We are tasked with finding the extreme values of $f(x, y) = x^2 + 2y^2$ subject to the constraint $g(x, y) = 2x + y = 3$.

This is a typical constrained optimization problem, and we will use the method of Lagrange multipliers to solve it.

Step 1: Define the Lagrange Multiplier System

We introduce a Lagrange multiplier, $\lambda$, and solve the system: $\nabla f = \lambda \nabla g$ where:

• $f(x, y) = x^2 + 2y^2$
• $g(x, y) = 2x + y - 3 = 0$ (rearranged the constraint to equal 0)

First, compute the gradients: $\nabla f = (2x, 4y)$ $\nabla g = (2, 1)$

Now, set up the system of equations:

1. $2x = \lambda \cdot 2$
2. $4y = \lambda \cdot 1$
3. The constraint $2x + y = 3$

Step 2: Solve the system of equations

From the first equation, solve for $\lambda$: $\lambda = x$

From the second equation: $4y = \lambda \quad \Rightarrow \quad 4y = x \quad \Rightarrow \quad x = 4y$

Substitute $x = 4y$ into the constraint equation $2x + y = 3$: $2(4y) + y = 3 \quad \Rightarrow \quad 8y + y = 3 \quad \Rightarrow \quad 9y = 3 \quad \Rightarrow \quad y = \frac{1}{3}$

Now, substitute $y = \frac{1}{3}$ into $x = 4y$: $x = 4\left(\frac{1}{3}\right) = \frac{4}{3}$

Step 3: Compute the extreme values

Now that we have $x = \frac{4}{3}$ and $y = \frac{1}{3}$, we substitute these values into the function $f(x, y) = x^2 + 2y^2$: $f\left(\frac{4}{3}, \frac{1}{3}\right) = \left(\frac{4}{3}\right)^2 + 2\left(\frac{1}{3}\right)^2 = \frac{16}{9} + 2\left(\frac{1}{9}\right) = \frac{16}{9} + \frac{2}{9} = \frac{18}{9} = 2$

Thus, the minimum value of $f(x, y)$ is 2.
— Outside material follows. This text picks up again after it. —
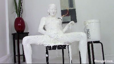 Amy is in a one piece lingerie top as she gets ready to cover herself in Nuru oil. She starts out slowly as she teases the viewers by talking very naughty and showing her tits and pussy. Before you know it she is nude and continues pouring the oil all over herself. She then starts to finger fuck her oiled pussy until she cums. Next she brings out a bucket of white creamy batter to dunk her head in. She pours it over her head and slops around in it on the floor. The mixture become a cum like substance and this turns on Amy. She finger fucks her sloppy pussy again until she cums.

Since there are no other solutions and no maximum is specified by the problem, the maximum does not exist (DNE).

Final Answer:

• Maximum: DNE
• Minimum: 2

Would you like more details or have any questions?
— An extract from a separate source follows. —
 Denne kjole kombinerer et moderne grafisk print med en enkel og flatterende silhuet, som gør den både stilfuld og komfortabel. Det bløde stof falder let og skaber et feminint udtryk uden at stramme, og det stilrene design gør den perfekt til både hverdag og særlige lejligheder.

Here are 5 related questions to explore further:

1. What happens if the constraint equation is different, such as $g(x, y) = 2x + 3y = 5$?
2. Can this method be applied if $f(x, y)$ involves higher powers or different functions, like trigonometric terms?
3. How does the method of Lagrange multipliers change when there are multiple constraints?
4. Can the method of Lagrange multipliers be used for maximizing a function with several variables?
5. How would the problem change if we had inequality constraints rather than equality constraints?

Tip: The Lagrange multiplier $\lambda$ can be interpreted as the rate at which the function $f(x, y)$ increases with respect to changes in the constraint $g(x, y)$.